ロイは本当に素晴らしい選手だった。ポジションはシューティングガードだが、全盛期にはポイントガードからスモールフォワードまでこなした理想的なオールラウンダー。高い得点力と身体能力、プレーメイキング、クラッチプレーなど、スターの条件をすべて兼ね揃えており、中でも特にバスケットボールIQが高かった印象がある。
「もし怪我がなかったなら…」、そんなことはどのチームにも言えることだが、2000年代後半のブレイザーズは特に悔やまれる。“もし”ロイとグレッグ・オデン(Mr.今季絶望)が健康なままポテンシャルを発揮できていれば、今頃ブレイザーズは優勝争いの最前線にいることだろう。
ブランドン・ロイを振り返る
2006-07シーズン
2006年ドラフトの全体6位でNBA入りし、ブレイザーズからデビュー。ルーキーシーズンに16.8得点、4.4リバウンド、4.0アシストを平均して、新人王(ルーキー・オブ・ザ・イヤー)に輝いた。
2007-08シーズン
07-08シーズンには19.1得点を平均し、2年目にして若きブレイザーズのエースに成長。プレイオフ進出はならなかったものの、ロイはこの年、初のオールスターに選ばれている。
2008-09シーズン
翌08-09シーズンは、ロイにとってまさに全盛期だった。対サンズ戦でのキャリアハイ52得点(ターンオーバー無し)や対ニックス戦での10スティール(フランチャイズ記録)などスーパースター級のパフォーマンスを次々と披露し、シーズンを通して22.6得点、5.1アシストを平均。ロイは、ブレイザーズからクライド・ドレクスラー以来初のオールNBAチームに選出され、チームを6シーズンぶりのプレイオフへと導いた。
2009-10シーズン
09-10シーズンにも3年連続となるオールスター選出を果たすが、怪我のため辞退。このあたりからロイの輝かしいキャリアに陰りが見え始める。
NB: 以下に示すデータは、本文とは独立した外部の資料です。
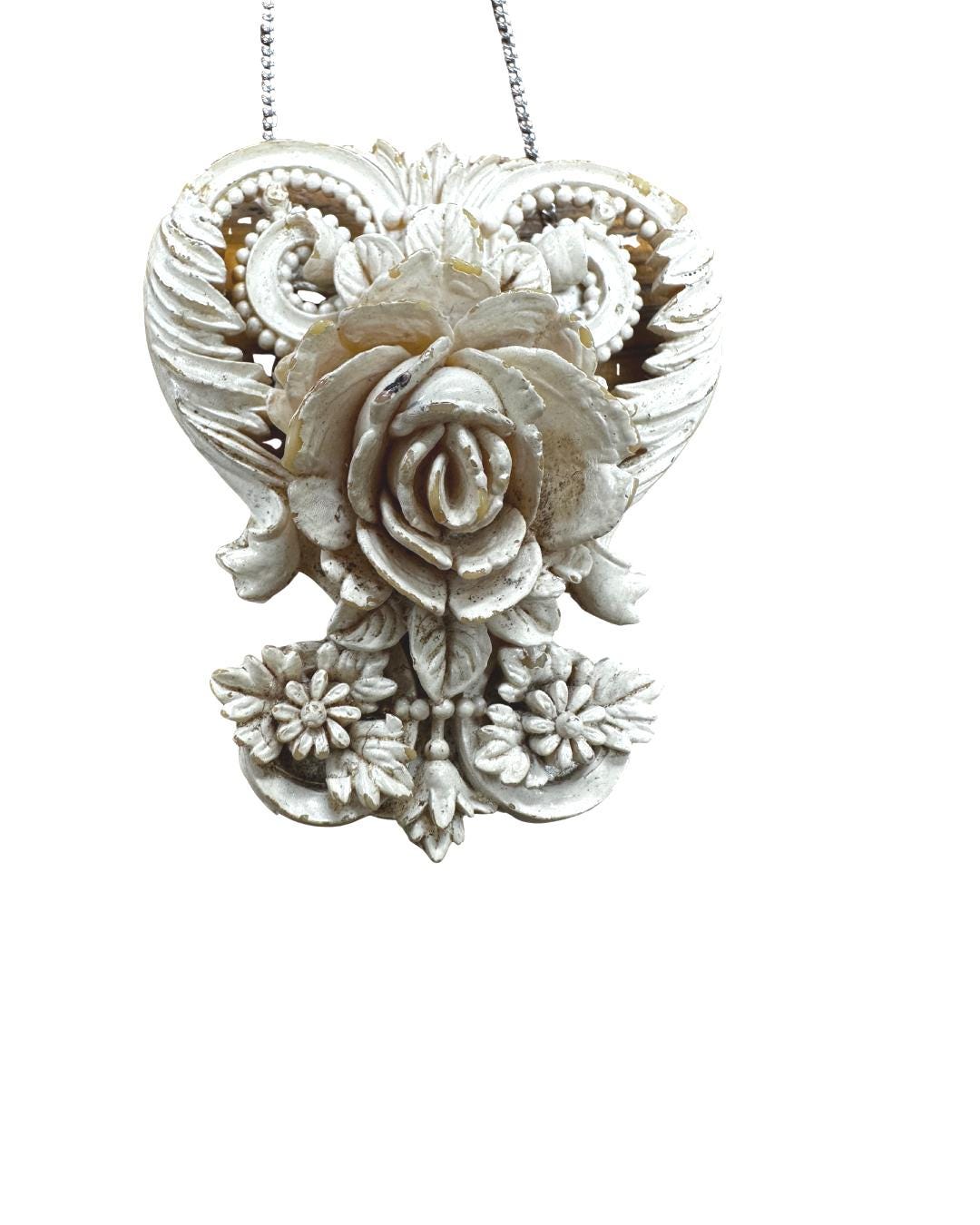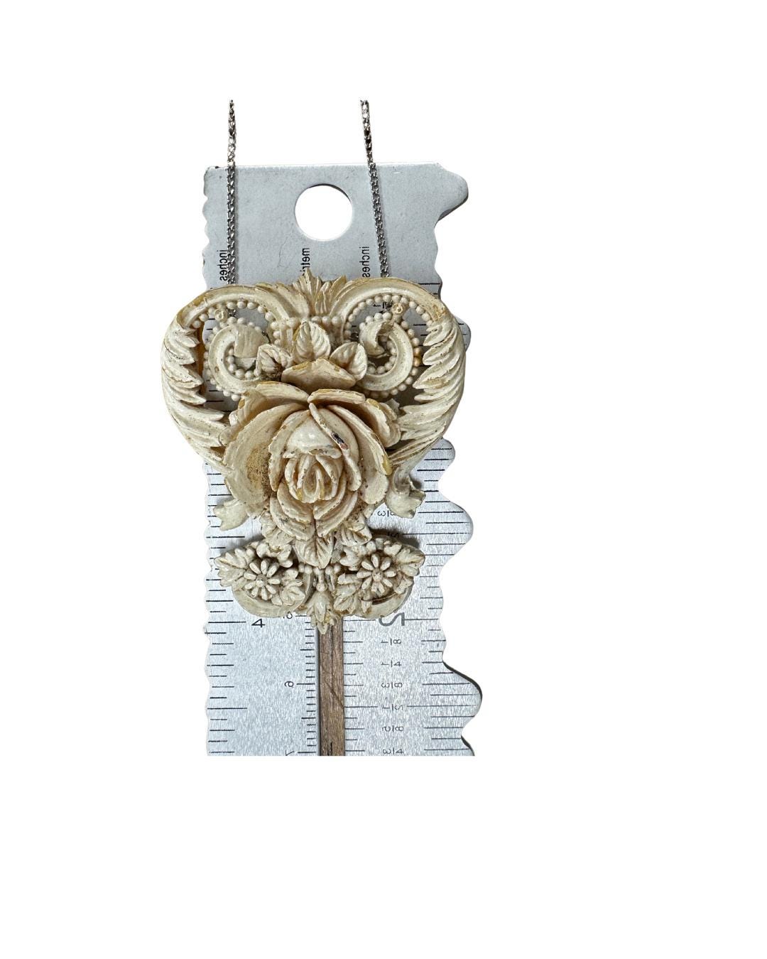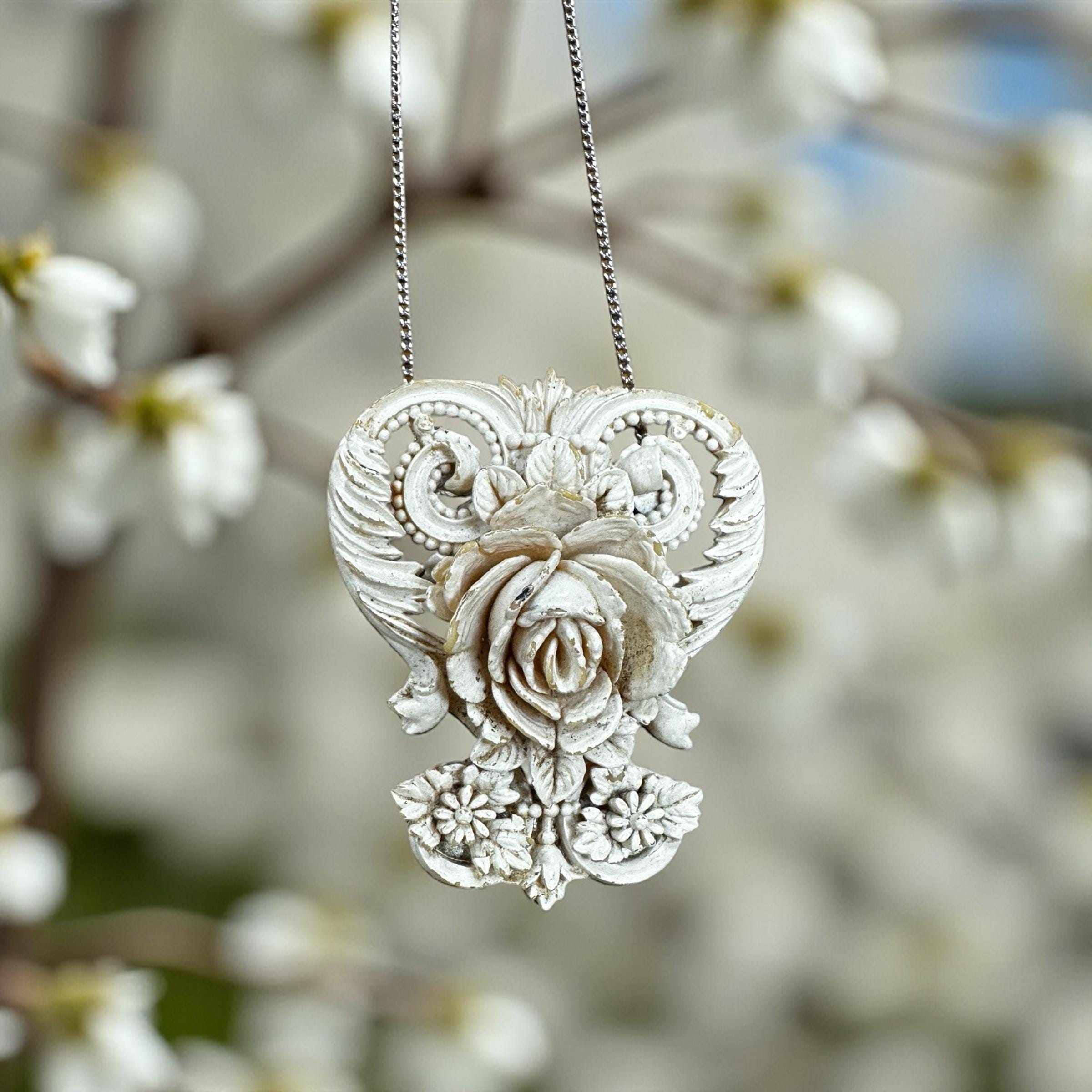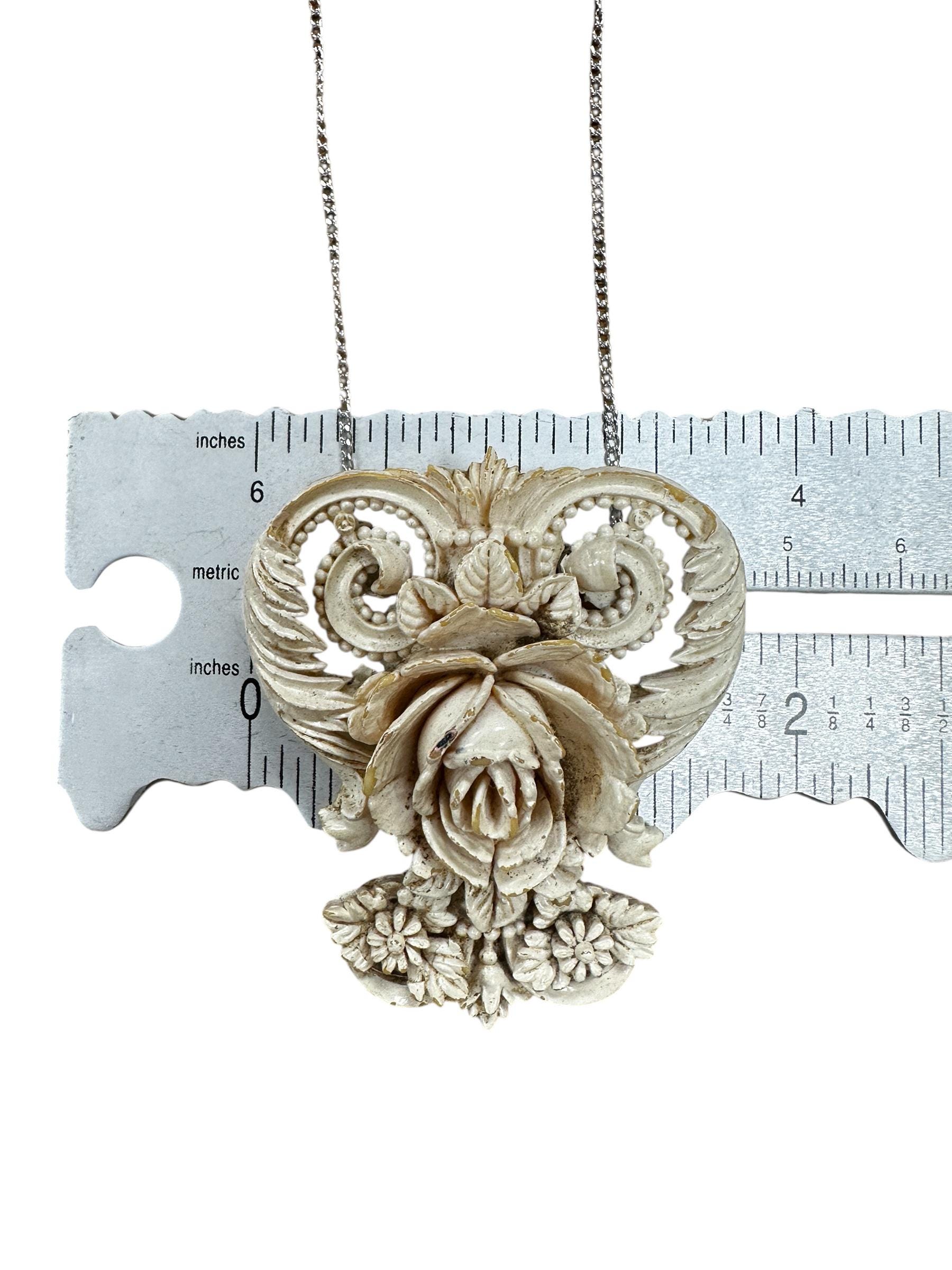 A charming vintage celluloid carving of a unique floral arrangement from the 1940's. We believe that at one time it was perhaps a dress clip, and since there was only one we decided to create a pendant from it. This one-of-a-kind piece captures the essence of mid-century design, making it a perfect statement accessory for any outfit. With intricate detailing and a timeless aesthetic, it’s an ideal gift for vintage lovers or a special treat for yourself. The pendant is suspended from a sterling silver chain.

ロイはシーズン終了直前に右ひざ半月板を損傷し手術を受けたため、この年のプレイオフは欠場するだろうと予想されていたが、第1ラウンドの第4戦でまさかの復活。見事チームを勝利に導いたが、結局この右ひざが時限爆弾となり、ロイの選手生命に大打撃を与えることとなる。
2010-11シーズン
シーズン序盤は普通にプレイできていたものの、12月に入り再び右ひざが悪化。その数週間後に無期限の欠場を発表した。ロイは1月に再び手術を受け、翌月に復帰を果たすが、以前のようなレベルでプレイすることは到底できず、リザーブとして残りのシーズンを終える。
最後のテイクオーバー
2011年プレイオフ、対マブスシリーズの第4戦。ブレイザーズ18点ビハインドで迎えた第4Qに、ロイが覚醒した。
ロイは第4Qだけで18得点をマークし、チームは見事逆転勝利。まるで怪我前のようなプレイで、プレイオフ史でもまれに見る奇跡的なカムバックを演じた。
2011~現在
11-12シーズンが始まる前に、ロイは引退を表明した。2012年にウルブズとして復帰、今回の放出に至る。